BlackRock funds rake in cash although revenues disappoint
BlackRock, the world’s biggest asset manager, reported a massive influx of cash into its lowcost funds but nonetheless fell short of Wall Street’s forecasts as price cuts and lower performance fees dented revenue.
The New York-based company’s largely index-tracking iShares exchange-traded funds have been growing at a record pace, pulling in a record US$74 billion during the most recent quarter, up from $16bn a year earlier.
Investors of all types have been scooping up the funds and fleeing more expensive products as a way to access the market. Fees have raced towards zero on some products as BlackRock faces competition from asset managers offering ETFs at or near their cost of managing them.
Fast asset gathering helped to push BlackRock’s assets under management to nearly $5.7 trillion, while revenue gained 6 per cent to $2.97bn and earnings per share rose 10 per cent to $5.22, or $5.24 after adjusting for non-recurring items and charges that do not affect the company’s value.
That missed Wall Street analysts’ average target of $5.40 per share and $3.02bn revenue forecast, and the company itself acknowledged fees were lighter because of “previously announced pricing changes”.
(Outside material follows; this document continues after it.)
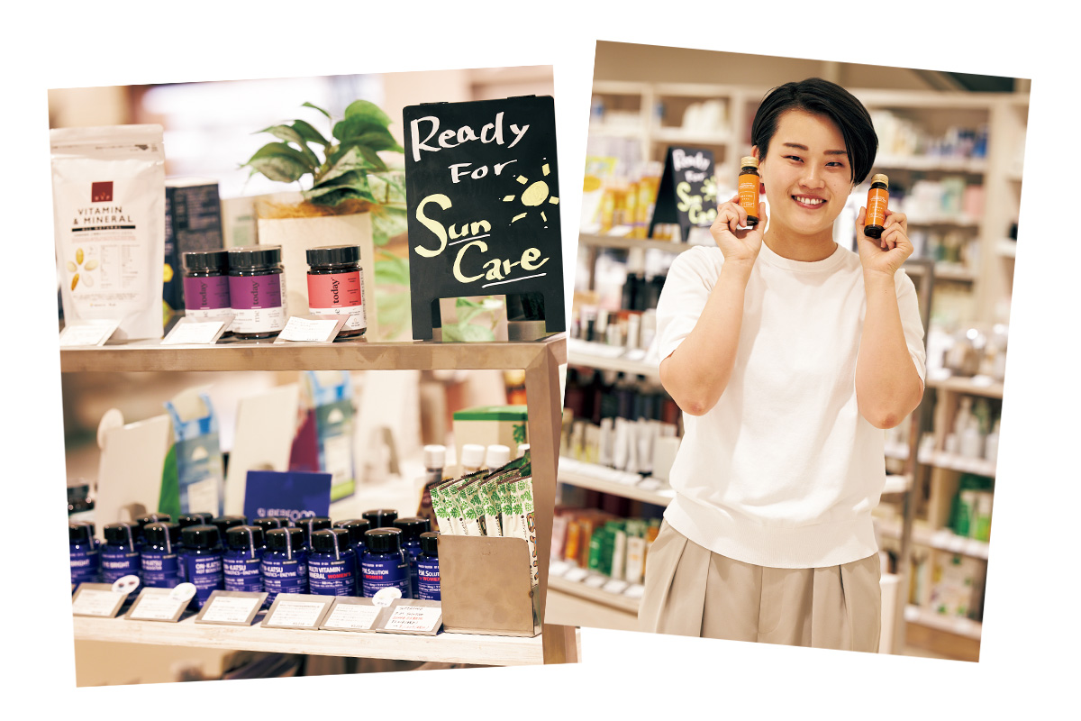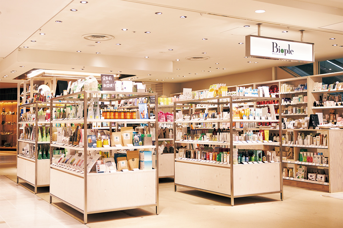 約500種類のインナーケアやフード、ドリンクを取り扱うBiople。そこでバイイングを担当する浜津さん。ルミネエスト店では働く女性に向けた商品が充実。
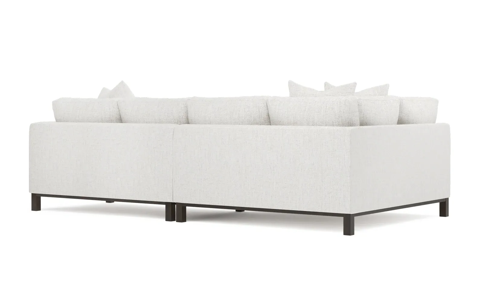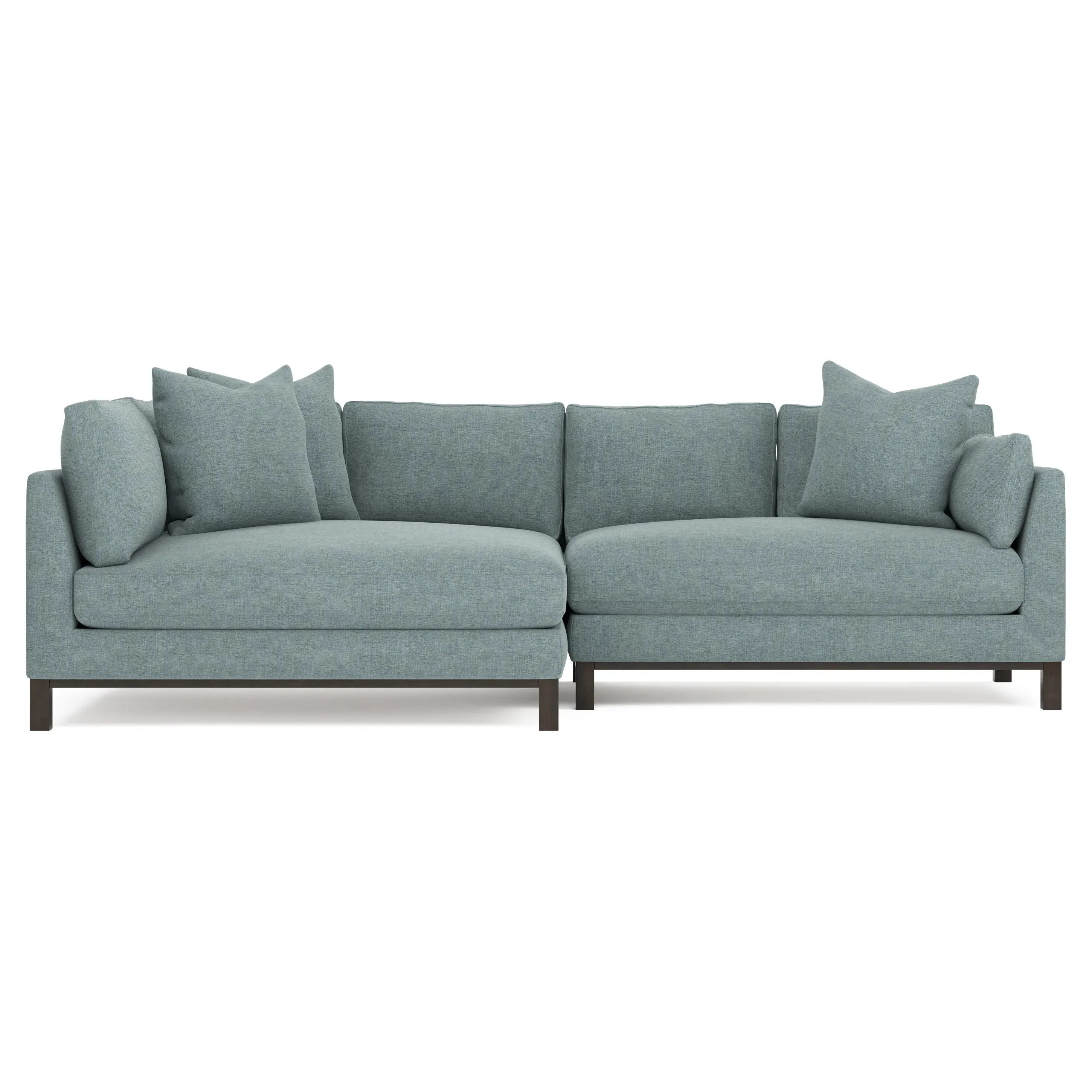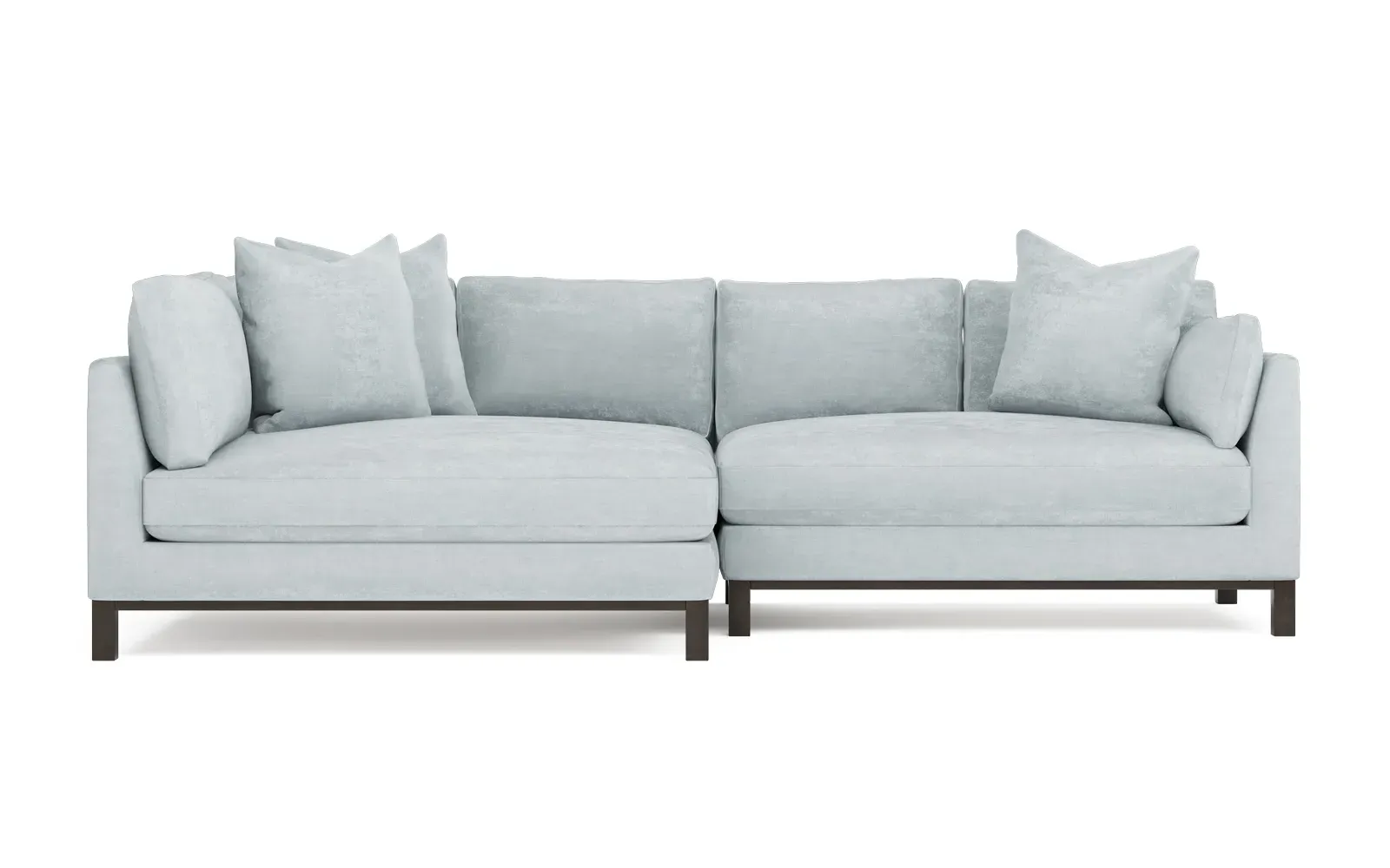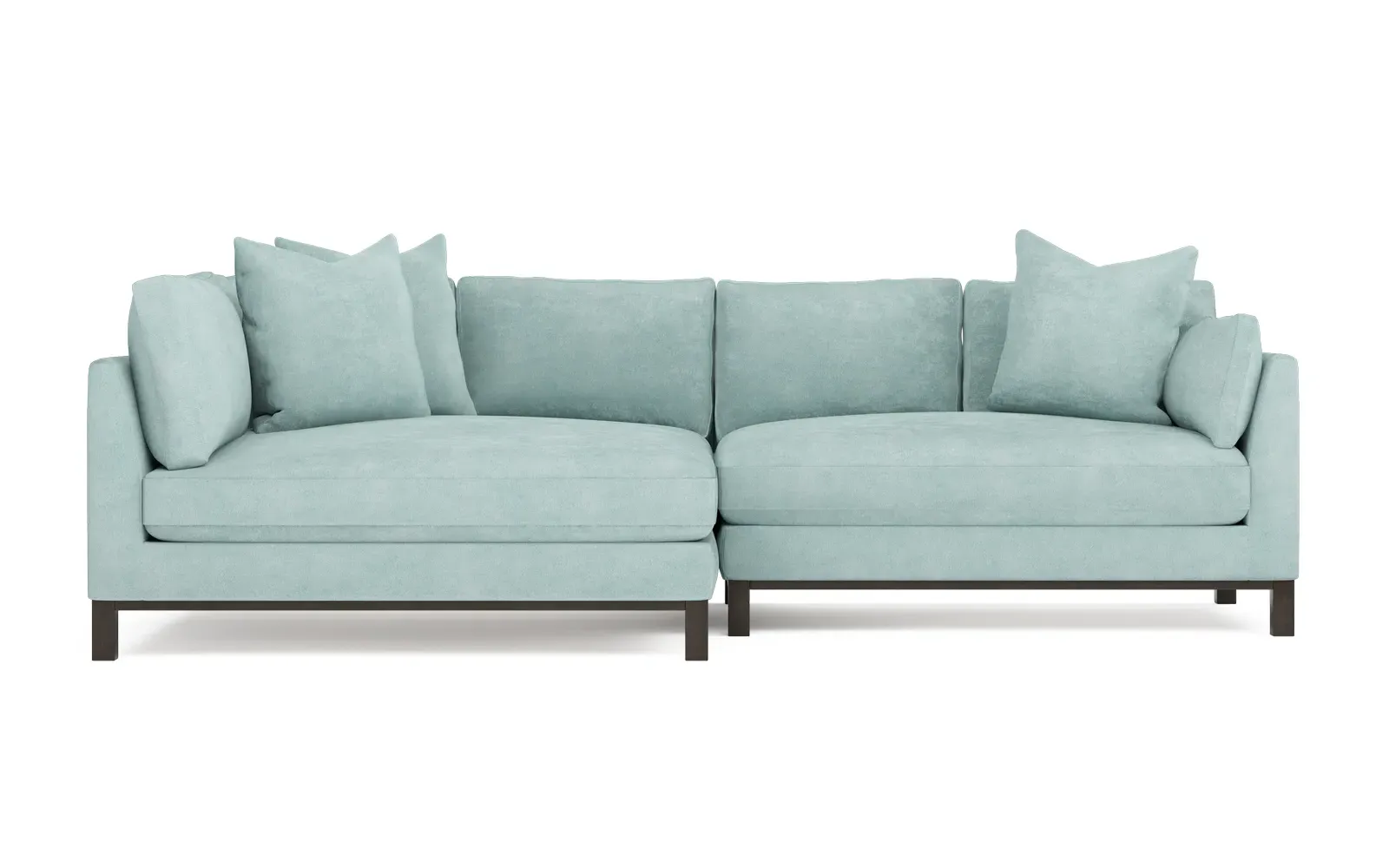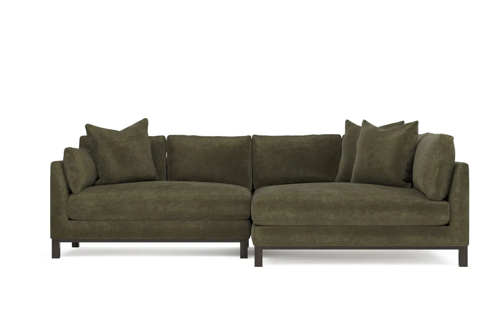 Designed with generous proportions, gently angled arms, and large throw pillows, the left 116” Adelle bumper sectional invites relaxation. A beautiful wood rail grounds the timeless transitional silhouette. Plush, comfortable seating is soft yet supportive, with a foam core surrounded by a blend of fiber, down, and feather fill. Choose from a variety of upholstery options, including linen, velvet, and performance fabrics. <b>Overall Dimensions:</b> 116" W x 61" D x 35" H. <b>Bumper Sofa Dimensions:</b> 58” W x 61” D x 35” H; <b>End Sofa Dimensions:</b> 58” W x 38” D x 35” H; <b>Seat Dimensions:</b> 25” D x 21” H; <b>Arm Height:</b> 28”; <b>Leg Height:</b> 5”. <b>Materials:</b> FSC®-certified, US-sourced, formaldehyde-free solid kiln-dried hardwood and furniture-grade laminates. <b>Material Finish:</b> Espresso legs. <b>Pieces Included:</b> Left bumper sofa, right end sofa.

BlackRock has cut some fees on funds in a competitive bid to win business when investors move money. Wells Fargo analyst Christopher Harris said in a note that the decline in fees was a “negative surprise.”
But chief executive Larry Fink told Reuters that revenues were lighter in part because “episodic” performance fees that some high-fee funds get when they beat their targets were lower.
“All the drivers that we really control that can grow quarter over quarter over quarter - the momentum is accelerating, not decelerating,” said Mr Fink.
“When you think about where we’re taking the firm we’re very happy.”